Note that I only replaced the default case (case _) output by None instead of a string. I did this in order to make sure that the datatype associated with the newly created column is a numerical datatype, rather than a generic ‘object’. From your question I can see you know Exel very well (definitely better than I do), so it should be straightforward to match up your formula with the python code. The statement x = y if condition else z is equivalent to the Exel SWITCH statement. The match ...: case ... block is a nicer way to represent messier if ... elif ... elif ... else ... blocks.

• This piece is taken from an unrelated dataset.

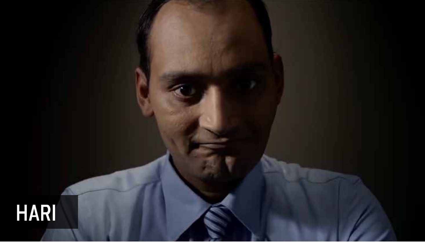
Master/ 106 mins/ Nepal

The story follows a thirty- year old overly religious and superstitious man-child named Hari. He has led his whole life following the rules that were set by his ancestors and his strict religious widow mother. Leading a monotonous life at home and office. His life takes a sudden change when one day a bird craps on him, to his dismay he doesn't know if it is a pigeon which is a sign of good luck or a crow which happens to be a bad omen. As his day continues, he experiences both good and bad, which confuses Hari. All these events start to veer Hari onto a new path where he finds love and desires, he didn't know he had before. Hari is a man who hasn't ever thought for himself but rather just obeyed everything that was told by his mother, his boss, his staff and everyone in his life but as events unfold Hari takes a stand and takes chances and savors his freedom. All this however comes with a price, as the good, will always come with the bad.

This function can be used in a script as follows:

import itertools as it
import pandas as pd

# this recreates your example dataframe in pandas
# the only difference is that I'm using simplified column header names
# 'itertools' is only used for creating the artifical sample data

columns = ['A', 'B', 'C', 'D', 'E', 'F', 'G', 'H']
data = list(it.product(['>0', '0'], ['>0', '0'], 
                       ['>0', '0'], ['>0', '0'], 
                       ['no', 'yes'], ['no', 'yes'], 
                       ['no', 'yes'], ['no', 'yes']))

df = pd.DataFrame(data, columns=columns)

# to instead read an actual Exel file, you run: 
# df = pd.read_excel("data.xlsx")

# copy-paste the above `confidence_score` function definition here 

# create new column with the confidence score
df['I'] = df.apply(confidence_score, axis=1)

# print to screen
# print(df)

# save again as Exel file
df.to_excel("data.xlsx")

To make this easier to use for actual data, I suggest (1) make sure to explicitly only use one particular data type in each column; (2) rather than using strings “no” and “yes”, use either booleans or integers (0 and 1). In the code below I’ve made columns A:D all take integer values.
These modifications create clear and clean(er) code. They also make storage and processing a bit more efficient and make it easier to later modify the code. With those modifications, the complete script could be sth like this:

import itertools as it
import pandas as pd
columns = ['A', 'B', 'C', 'D', 'E', 'F', 'G', 'H']
data = list(it.product([0, 1, 2], [0, 3, 7], [0, 1, 2], [0, 3, 7],
                       [True, False], [True, False], [True, False], [True, False]))
df = pd.DataFrame(data, columns=columns)

def confidence_score(row):
    match (row['E'], row['F']):
        case (False, False):
            a = 4 if row['A'] > 0 else -12
            b = 4 if row['B'] > 0 else -4
            c = 4  # c = 4 if row['C'] > 0 else 4
            d = 4  # d = 4 if row['D'] > 0 else 4
            score = a + b + c + d
        case (True, True):
            a = 4 if row['A'] > 0 else -4
            b = 4 if row['B'] > 0 else -4
            c = 4 if row['C'] > 0 else 0
            d = 2 if row['D'] > 0 else 0
            score = a + b + c + d
        case (True, False):
            a = 4 if row['A'] > 0 else -4
            b = 4 if row['B'] > 0 else -4
            c = 4 if row['C'] > 0 else 0
            d = 2 if row['D'] > 0 else 2
            score = a + b + c + d
        case (False, True):
            a = 4 if row['A'] > 0 else -4
            b = 4 if row['B'] > 0 else -4
            c = 4  # c = 4 if row['C'] > 0 else 4
            d = 2  # d = 2 if row['D'] > 0 else 2
            score = a + b + c + d
        case _:
            score = None
    return score

df['I'] = df.apply(confidence_score, axis=1)

(Note that I made yet one more modification: I subsumed the “unkn” case under the default case. So any “unkn” value in E will also lead to a None (null) value in the score. Not sure if that is wanted, it just seemed a little strange to me to give a confidence score of 0 if E==‘unkn’.)

1 Like

@hansgeunsmeyer thank you for the code and explanations. I will play around with this and see what happens, lol.

I’m fairly proficient with excel, but now that I’m getting more into analytics, I really have to learn this.